We mainly generate QueryBlock in the semantic parsing phase, get it to do a lot of statement verification, including: illegal operation, query condition restriction, high resource consumption verification judgment.
The second stability practice, focusing on cluster optimization, includes:
-
We did a complete upgrade to the Hive and Hadoop clusters. This is mainly because some problems were fixed and some community patches were merged in the earlier version, which were fixed in the later new version. Another reason is the feature and performance optimization of the new release. We upgraded Hive from 0.13 to 2.1 and Hadoop from 2.4 to 2.7;
-
HA deployment is optimized for Hive. We split HiveServer and MetaStoreServer apart and deployed multiple nodes separately, so as to avoid the interaction between the combined service deployment and operation in one service.
-
Before, the execution engine was basically On MapReduce. We are also implementing Hive On Spark migration, gradually switching online tasks from Hive On MR to Hive On Spark.
-
Pull an internal branch to do bugfix or merge community patch features for some problems encountered at ordinary times;
The last part of the practice in terms of platform stability is to improve permissions, security, preventing unauthorized access to clusters, data, attacks, etc. There are two main parts to improve permissions: API access and cluster.
Figure 14
-
API Server: as mentioned above, we have OneDataAPI, which provides a unified API for various business systems to access data. In this aspect, an additional unified authentication CA service is implemented. The business system must access the CA to obtain the token and then access the OneDataAPI. OneDataAPI is legally allowed to access data only after being verified by the CA, so as to prevent the business system from accessing all data indicators at will.
-
Cluster: At present, it is mainly based on Apache Ranger to unify all kinds of clusters, including Kafka, Hbase, Hadoop, etc., for the authorization management and maintenance of clusters.

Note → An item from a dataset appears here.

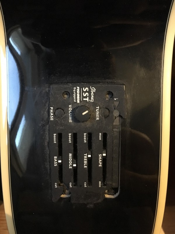 je sollicite votre aide ce soir pour quelques conseils de réparation. En effet, j'ai depuis peu pu remettre la main sur ma guitare électro acoustique, une Ibanez AEL20E-TKS. Cependant à ma grande stupeur, outre la poussière, je me rends compte qu'elle a souffert bien que n'ayant pas été jouée depuis un moment.

These are some practices and optimization of the stability of meitu’s data platform after it has been built and opened to various business lines.

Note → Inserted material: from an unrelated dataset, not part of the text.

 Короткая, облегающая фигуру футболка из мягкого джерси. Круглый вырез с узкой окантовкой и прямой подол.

Then let’s make a simple summary of the data platform construction process.
-
First of all, before building the data platform, we must first understand the business, to see whether the overall volume of the business is relatively large, whether the business line is relatively wide, whether the demand is so much as to seriously affect our productivity. If the answer is yes, then we can consider building a data platform as soon as possible to improve the efficiency of data development and application more efficiently and quickly. If the business magnitude and demand are not large, it is not necessary to set up a set of big data or build a perfect data platform to quickly meet the business support priority.
-
In the process of platform construction, it is necessary to focus on data quality and stability of the platform, such as the integrity, timeliness and unique identification of equipment of data source collection, and to optimize and practice the stability of the platform, so as to provide a stable and reliable platform for business parties.
-
After improving the efficiency of analysis and decision and gradually expanding the scale, we need to do some optimization and thinking about the cost and resources.